Oh for goodness sake, I knew I was missing an obvious one! Yes Forever War definitely - got to be one of the top 5 most influential Time Travel stories (after Time Machine, Rip van Winkle and Sound of Thunder)
The Forever War has time dilation, but I don't remember time travel in it. Maybe your including stories that span vast stretches of time?
I lean on the side of time dilation and time travel being inter-linked enough that it's safe to include them
I'm counting time dilation as time travel, after a fashion.
A relatively obscure one here, but David Masson’s short story ‘Travellers Rest’ (written in 1965) is one the best time dilation tales I’ve read to date. A huge influence on Christopher Priest when he was starting out.
Looks like it was originally published in Lightspeed Magazine & for those interested, it can be found here: www.lightspeedmagazine.com/fiction/trav... Thanks for this, not one I'm familiar with. Going to pick it up for the ereader (I hate reading stories online)
It’s a fine piece of storytelling - packs a tremendous amount into 20 pages 👍 Interesting that Masson only ever wrote short stories - each one markedly different in theme and tone. Currently dipping in and out of his one and only collection ‘The Caltraps of Time’.
Ahhh, OK. That opens it up quite a bit
I'm always on about it, but still Times Without Number (1962) by John Brunner - AKA The Society of Time in later editions.

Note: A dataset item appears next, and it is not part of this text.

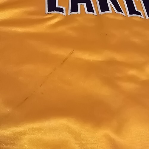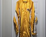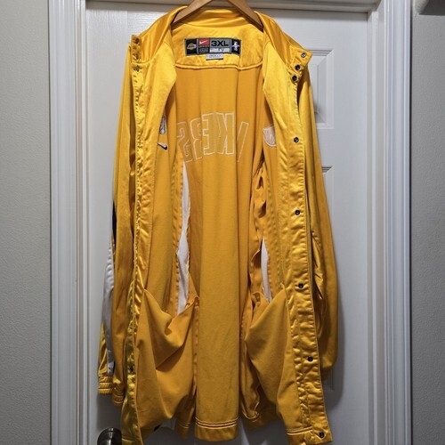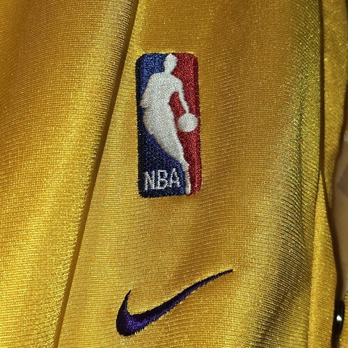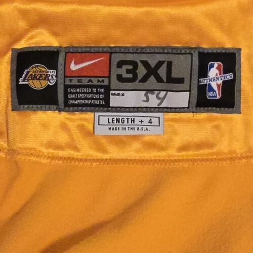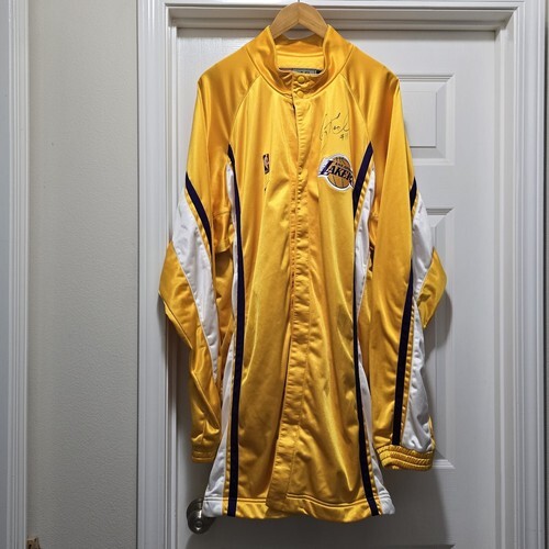 Rare Vintage Los Angeles Lakers Nike Team Issue 1999 - 2001 Button up Gold Warm Up Jacket - Signed by #11 Coby Karl. Men's 3XL + 4" Length. Actual measurements: 60" chest, 38" length.

Also Benford's Timescape (1980) which I've just covered and which is a very interesting and more "serious" or rigorous look at time and causality.
Reading this again right now.
Yes, I enjoyed it too. 👍
I really enjoyed the video. Thanks for including the blueprints for the time machine in it as well!
See what you did there! Was a bit slow on the uptake....
I don't think it gets a lot of talk in the SF community because it feels more Lit. Fiction, but How to Stop Time by Matt Haig was outstanding. For me, it's on the very edge of SF.... the thriller/ intrigue/speculative side, but still a damn good story!